### What is being asked
Word for word, copy all the data and drop the pictures.

### Information supplied
- - -
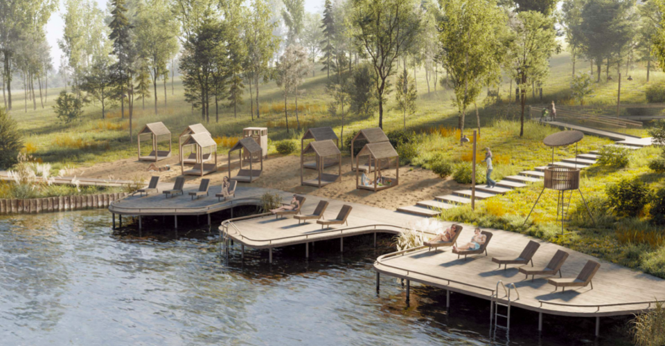 Территория проектирования берет свое начало у пешеходного моста и проходит по берегу вдоль существующего лесного массива до пожарной станции. В рамках первого этапа благоустройство коснется центральной части территории. Здесь предусматривается обустройство спуска к озеру Сенеж, а также пандуса из металлического настила на свайном основании. В конце спуска будет организована зона с шезлонгами и двумя спусками в воду на деревянном свайном покрытии, рядом – смотровая площадка и спуск для лодок. Справа от деревянного настила с шезлонгами оборудуют пляжную зону, с теневыми навесами, кабинкой для переодевания, а также спасательной вышкой.
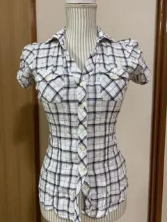 チェック柄 半袖シャツ ホワイト・ネイビー
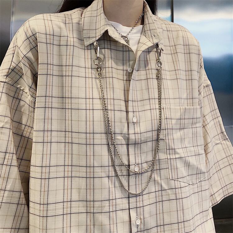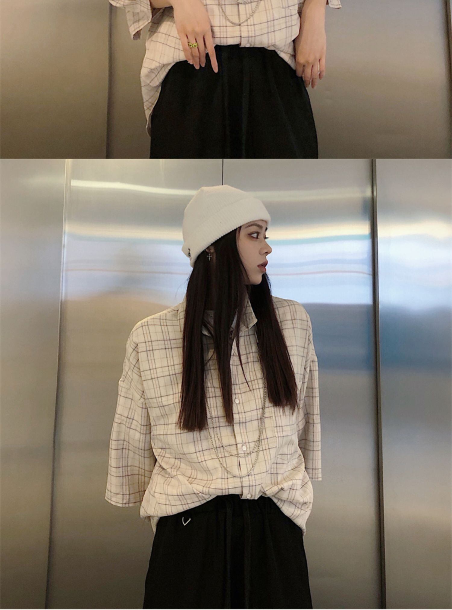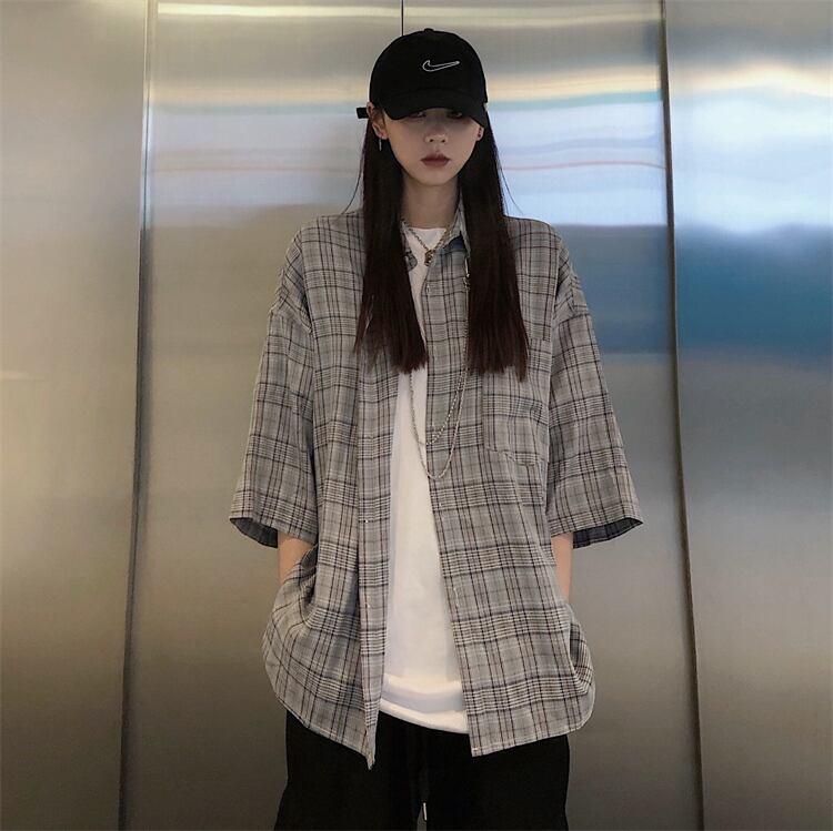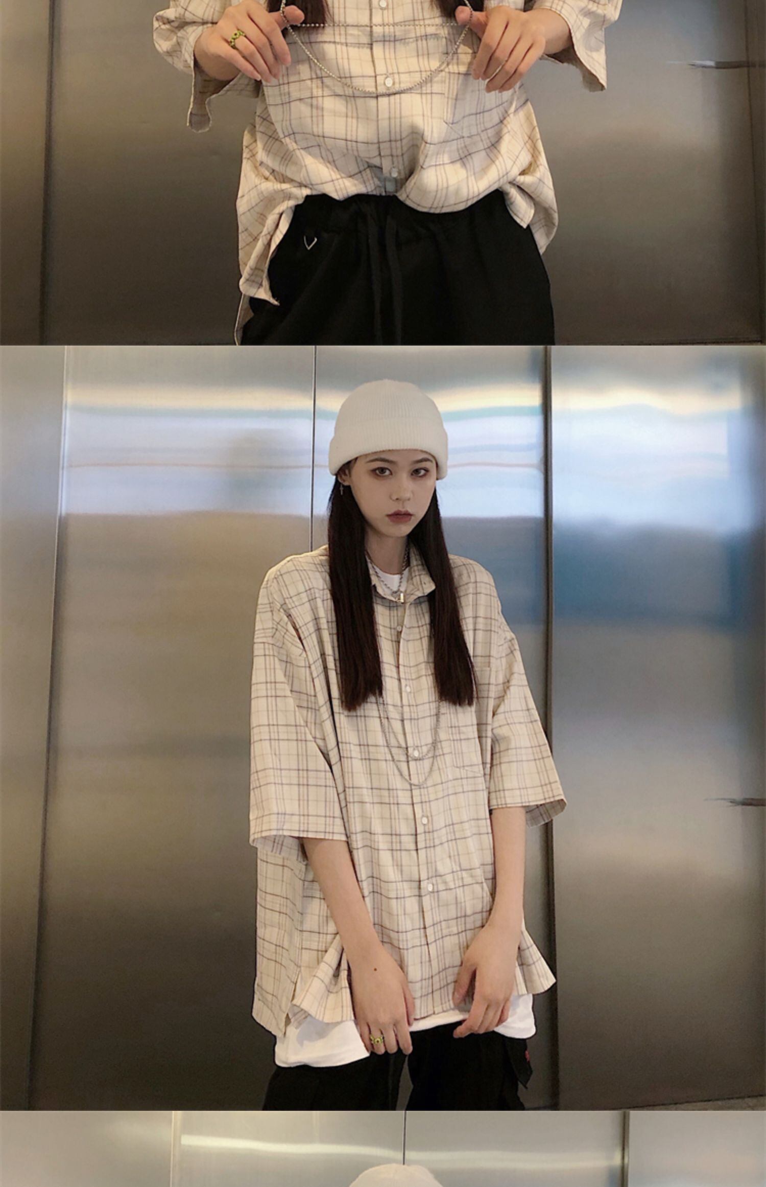 夏服シャツ レディース韓国ファッショントレンドスタンダードチェーン ルーズ格子柄トップス レトロ 夏物 ボーイズ スタイル デーモン49809269552
- - -
### Answer below
 Территория проектирования берет свое начало у пешеходного моста и проходит по берегу вдоль существующего лесного массива до пожарной станции. В рамках первого этапа благоустройство коснется центральной части территории. Здесь предусматривается обустройство спуска к озеру Сенеж, а также пандуса из металлического настила на свайном основании. В конце спуска будет организована зона с шезлонгами и двумя спусками в воду на деревянном свайном покрытии, рядом – смотровая площадка и спуск для лодок. Справа от деревянного настила с шезлонгами оборудуют пляжную зону, с теневыми навесами, кабинкой для переодевания, а также спасательной вышкой.
 チェック柄 半袖シャツ ホワイト・ネイビー
 夏服シャツ レディース韓国ファッショントレンドスタンダードチェーン ルーズ格子柄トップス レトロ 夏物 ボーイズ スタイル デーモン49809269552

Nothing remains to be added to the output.